House Should Approve New Energy Exploration

Contact: Richard Morrison, 202.331.2273

Washington, D.C., November 9, 2005—The Competitive Enterprise Institute urges the House of Representatives to keep provisions on new oil and natural gas exploration in ANWR and the Outer Continental Shelf in the budget reconciliation legislation expected to be voted on this week. The Senate has already approved language allowing exploration in a small portion of the Arctic National Wildlife Refuge, as did the House itself earlier this year. 

“Polls show that Americans now consider high energy prices to be the biggest economic threat facing the country.  The only proposal that has a chance to pass the Congress that addresses this concern is the ANWR and OCS package in the budget bill,” said Myron Ebell, Director of Global Warming & International Environmental Policy.

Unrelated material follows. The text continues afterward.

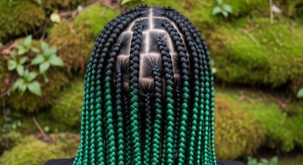 Go bold with the color of nature and mystery. The stark contrast between solid black and a vivid emerald green is breathtaking. It evokes a sense of enchantment and edge. This combo shines in thicker braids or even in loc styles, making the green appear like precious gemstones threaded through your hair.
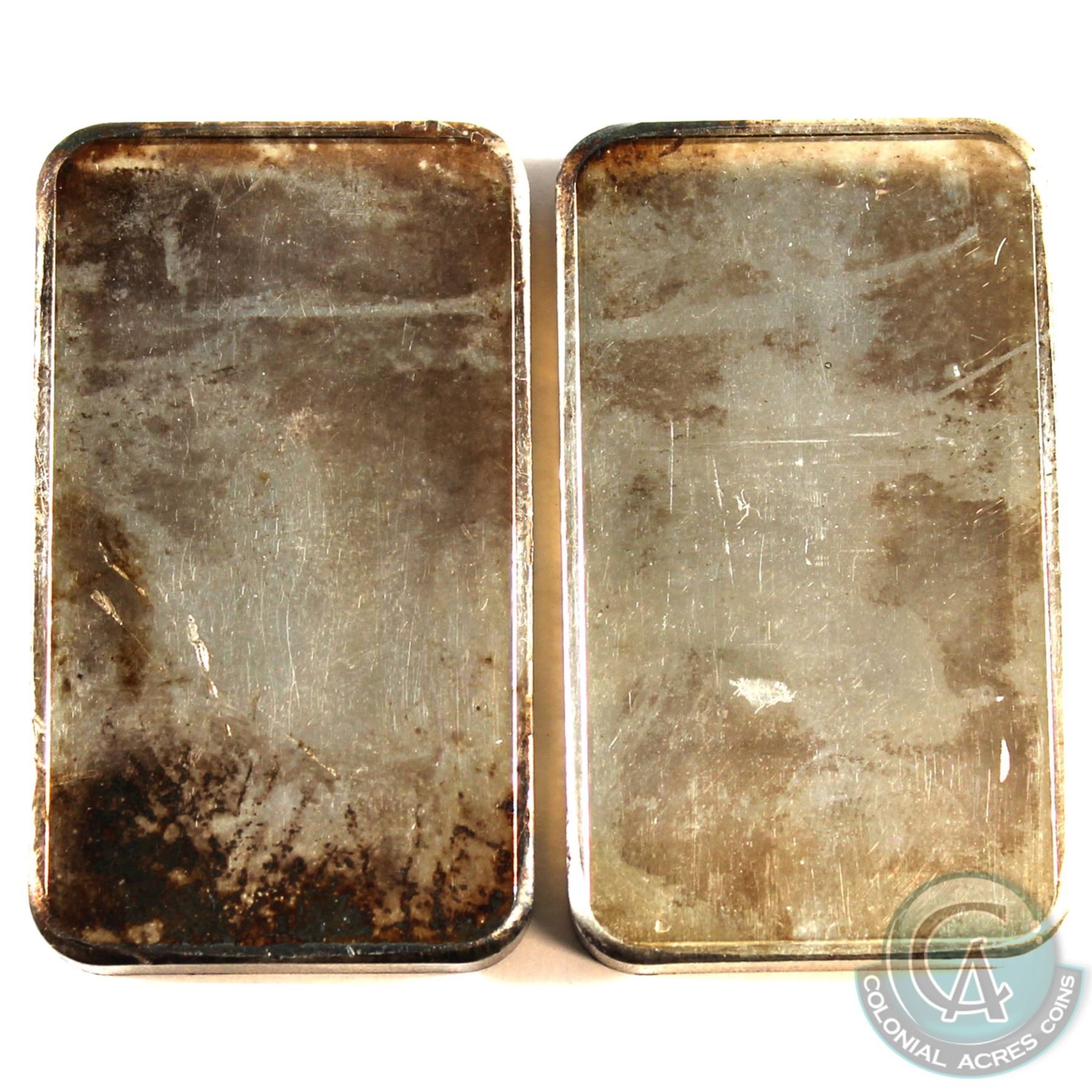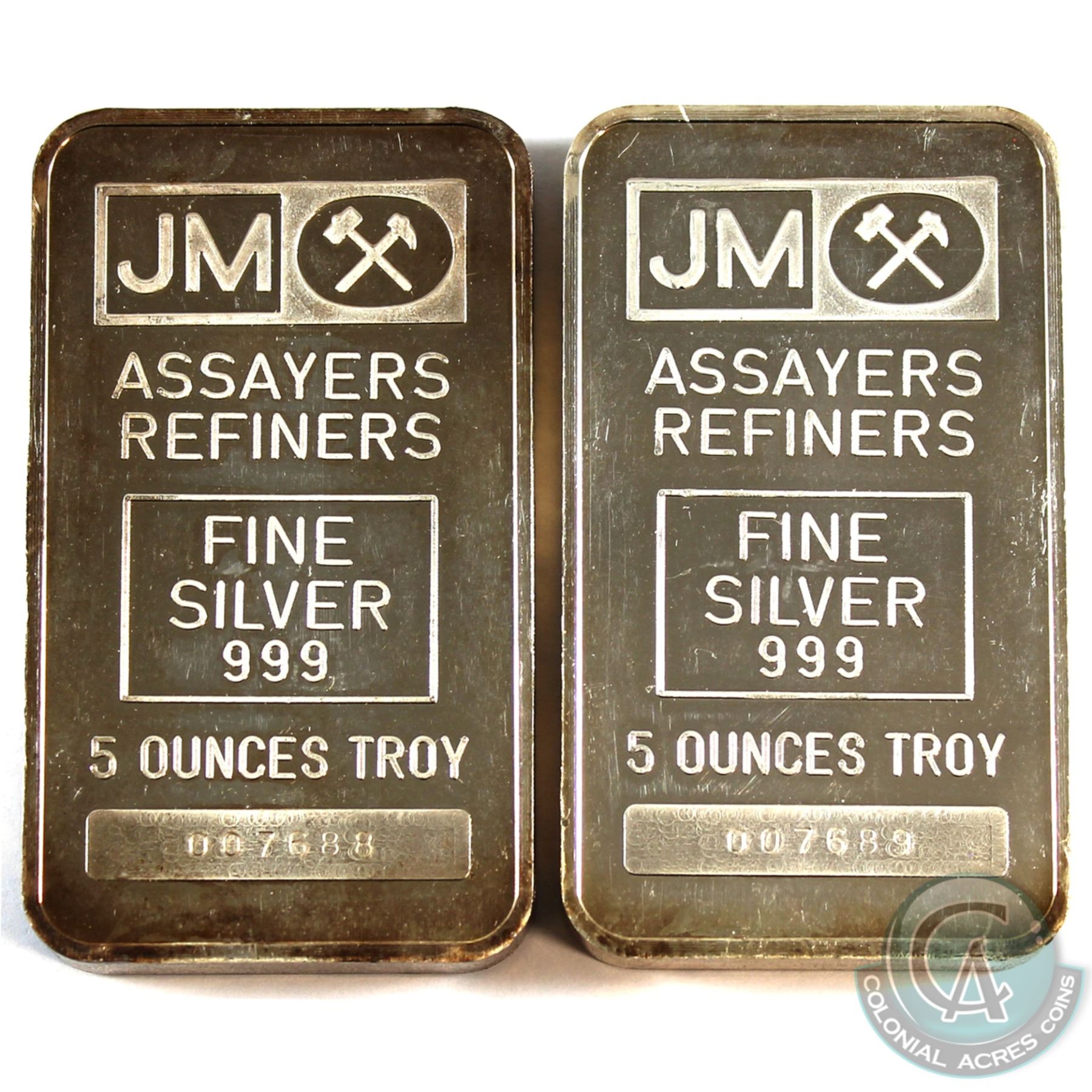 Consecutive Johnson Matthey 5oz Fine Silver Bar with Blank Reverse (TAX Exempt). Serial # 007688 & # 07689. 2pcs.

“The effort by a small group of liberal Republicans to strip out the ANWR provision is based on the belief that energy prices are really not high enough.  I would like to see these liberal Republican House members come out in the open and try to make that argument to the American people,” Ebell concluded.     

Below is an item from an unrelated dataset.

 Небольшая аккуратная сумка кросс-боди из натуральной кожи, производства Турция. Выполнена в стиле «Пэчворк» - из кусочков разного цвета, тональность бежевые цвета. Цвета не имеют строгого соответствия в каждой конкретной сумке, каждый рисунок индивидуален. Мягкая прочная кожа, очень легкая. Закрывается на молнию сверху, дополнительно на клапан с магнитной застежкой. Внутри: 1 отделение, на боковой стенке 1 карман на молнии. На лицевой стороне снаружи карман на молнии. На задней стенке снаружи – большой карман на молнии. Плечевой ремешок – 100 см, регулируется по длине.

The budget reconciliation bill includes ANWR plus new provisions to allow states to opt out of the moratoriums on OCS oil and gas production on the Atlantic, Pacific, and eastern Gulf coasts.  The mean U.S. Geological Survey estimate for recoverable reserves under ANWR’s coastal plain is 10.4 billion barrels, which is equivalent to 30 years of oil imports from Saudi Arabia, one of America’s largest foreign suppliers.  The Outer Continental Shelf areas potentially contain much larger oil and natural gas reserves.

“Contrary to claims by environmental pressure groups, oil and gas production in ANWR would have little environmental impact on the surrounding ecosystem,” said Adjunct Scholar R.J. Smith. “Thirty years of oil operations in Alaska’s North Slope have shown that large populations of native wildlife can thrive even in close proximity to production facilities.”